In deze zaak heeft het gerechtshof Amsterdam op 24 januari 2018 uitspraak gedaan in hoger beroep tegen een vonnis van de politierechter in de rechtbank Amsterdam. De verdachte, geboren in 1985 en zonder bekende woon- of verblijfplaats in Nederland, was in hoger beroep gegaan tegen een eerdere veroordeling voor openlijke geweldpleging. De tenlastelegging betrof een incident op 27 februari 2016 in Amsterdam, waarbij de verdachte samen met anderen geweld heeft gepleegd tegen een taxichauffeur. De verdachte werd beschuldigd van het vastgrijpen en slaan van de taxichauffeur, wat leidde tot een gewelddadige confrontatie op de openbare weg.
Tijdens de zitting in hoger beroep op 10 januari 2018 heeft de raadsman van de verdachte betoogd dat er onvoldoende bewijs was voor de betrokkenheid van de verdachte bij het geweldsincident. Het hof heeft echter geoordeeld dat de verklaringen van de aangever en getuigen voldoende steun boden voor de bewezenverklaring van de openlijke geweldpleging. Het hof heeft vastgesteld dat de verdachte een significante rol heeft gespeeld in het geweldsincident en dat hij op nauwe en bewuste wijze heeft samengewerkt met medeverdachten.

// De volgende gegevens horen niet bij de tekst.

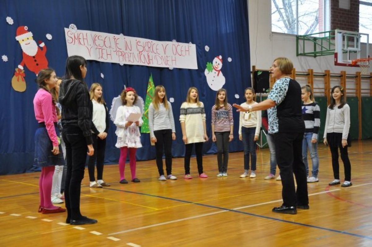 V šolski telovadnici so se poleg učencev in delavcev šole prireditve udeležili predstavniki sveta šole in staršev, upokojeni šmihelski učitelji, starši ter drugi gostje. Prireditev je zasnovala učiteljica Katja Kapele. Začeli smo jo slovesno s slovensko in šolsko himno, ki sta ju zapeli mladinski pevski zbor pod vodstvom učiteljice Diane Dronjak. Programsko nit prireditve sta povezovala Iva in Luka v vlogi vile in škrata. Božiček je rabil pomoč, ker so bili njegovi škratje preveč zasedeni. Zanimalo ga je, kako otroci preživljajo praznični čas, zato sta se dobra vila in škrat odpravila k šmihelskim otrokom in povprašala, kaj počnejo v tem božičnem času, kaj jim ta čas pomeni, kakšne so njihove želje in da jim o praznikih povesta kaj novega. Matevž je povedal, da piše pismo Božičku, Laura posluša božične pesmi, Tinkara izdeluje novoletne čestitke za prijatelje, nekaj jih je izdelala tudi za novoletno tržnico, ki so jo imeli v šoli. Škrat in vila sta ugotovila, da so otroci v prijetnem prazničnem vzdušju, da so ustvarjalni in navdušeni nad vsem, kar prinaša ta čas. Povedala sta, od kod prihajata ter spregovorila tudi o darilih. V zanimivem in bogatem kulturnem programu so se predstavili otroški pevski zbor pod vodstvom učiteljice Klavdije Hrastar, mažoretka Maja, Lev s trobento, Nia s kitaro, Vid s plesno točko, recitatorka Hana, Tilen s harmoniko in šolski band. Vila je povedala, da se vilinci skrivajo tudi na Gorjancih, kot je že zapisal dolenjski pisatelj Janez Trdina.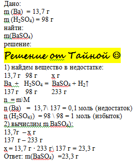 Вычислить массу соли ,которая появляется в результате растворения бария массой 13,7 у сульфатной кислоте массой 98г РЕШИТЬ ЗАДАЧЕЙ
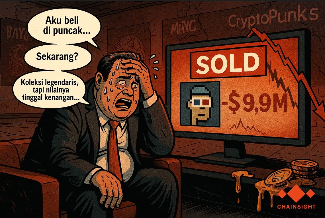Seorang investor menjual CryptoPunk NFT dengan kerugian realisasi hampir $10 juta, mencerminkan penurunan berkelanjutan di pasar NFT blue-chip yang dulu sempat booming.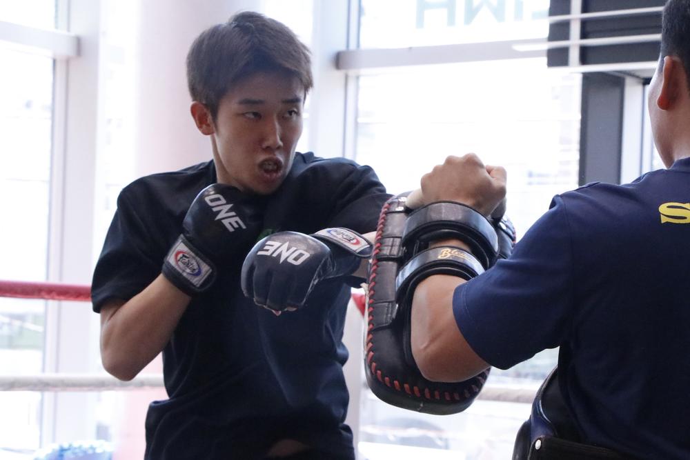 2025年6月27日(金)タイ・ルンピニースタジアム『ONE Friday Fights114』(U-NEXT配信)に出場する、石井寿来(ウォーワンチャイプロモーション)が19日(木)神奈川の所属ジムにて公開練習を行った。  ジュライ・ウォーワンチャイこと石井寿来は石井一成の甥で、一成と同じくジュニア時代からタイ遠征を重ねて2019年3月にルンピニースタジアムでプロデビュー。その後も日本とタイを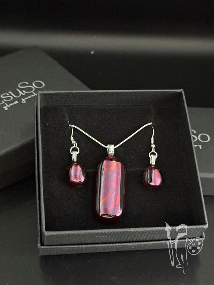 860 fokon olvasztott Dichroic és Bullseye üvegekből egyedileg készítettek a díszek.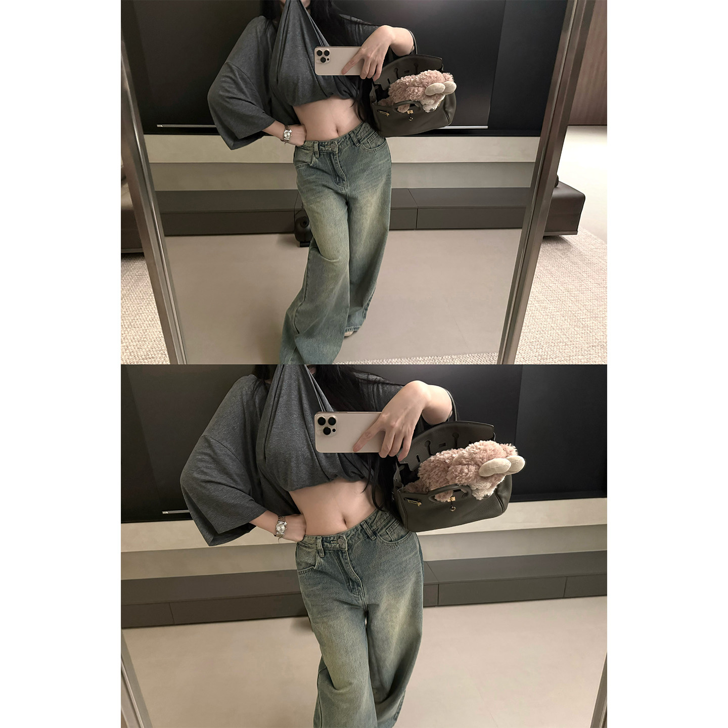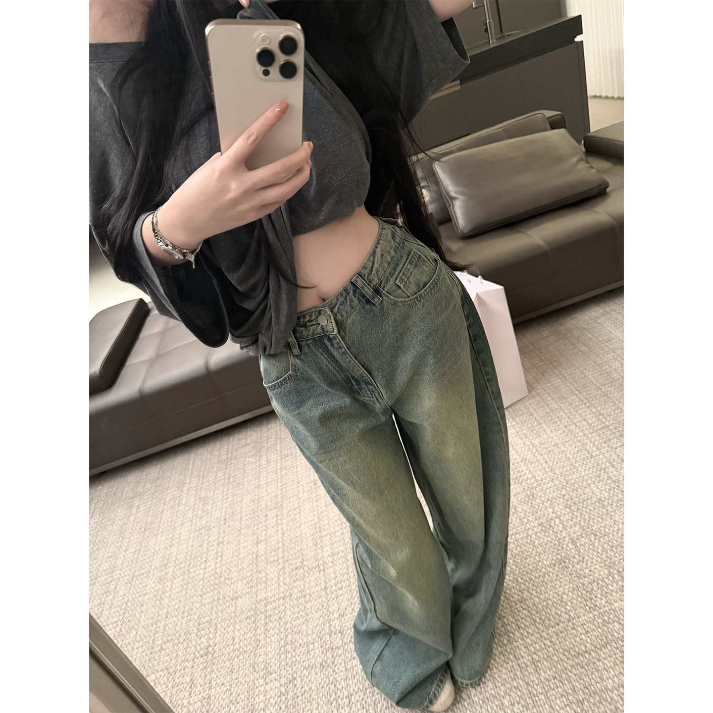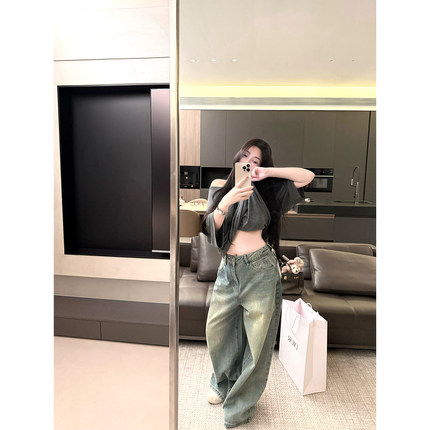 精棉复古多道水洗做旧阔腿牛仔裤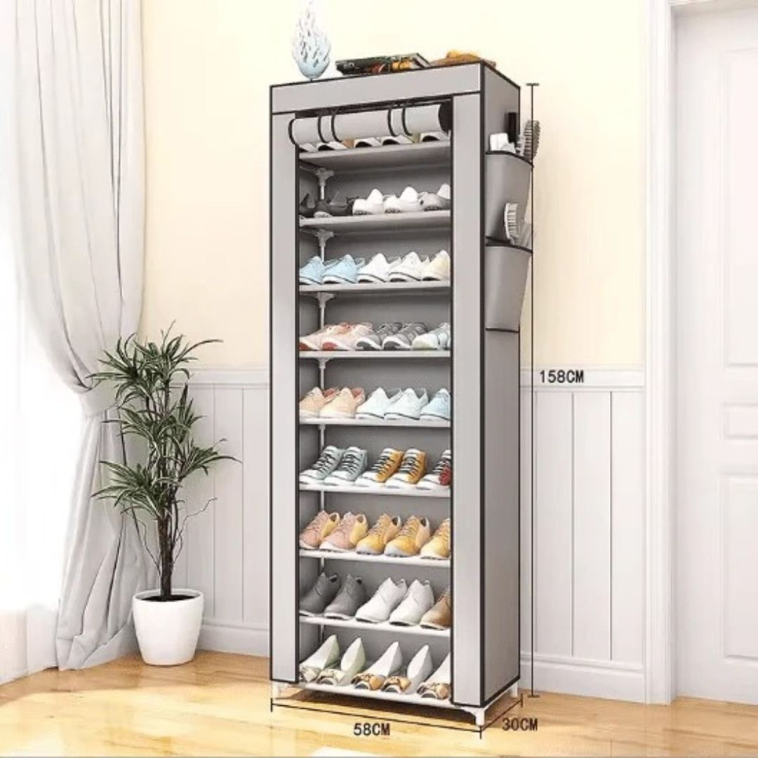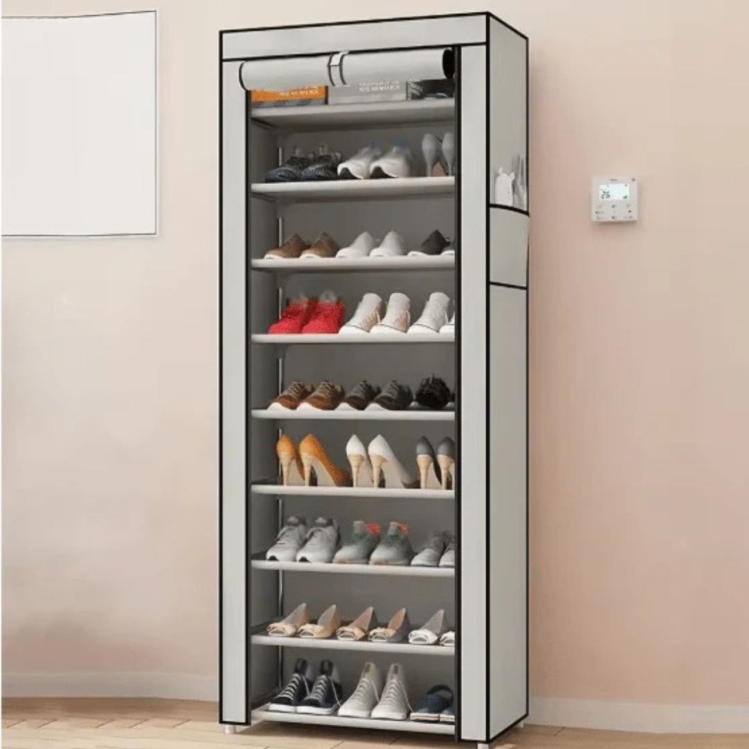 • El diseño de una sola fila de 10 capas proporciona un amplio espacio de almacenamiento para zapatos y accesorios.

Het hof heeft het vonnis van de politierechter vernietigd en de verdachte veroordeeld tot een geldboete van € 500,00 en 10 dagen hechtenis, met de mogelijkheid van vervangende hechtenis bij gebreke van betaling. Het hof heeft hierbij rekening gehouden met de ernst van het feit, de omstandigheden waaronder het is begaan, en de persoonlijke situatie van de verdachte. De beslissing is genomen op basis van de artikelen 23, 24, 24c en 141 van het Wetboek van Strafrecht.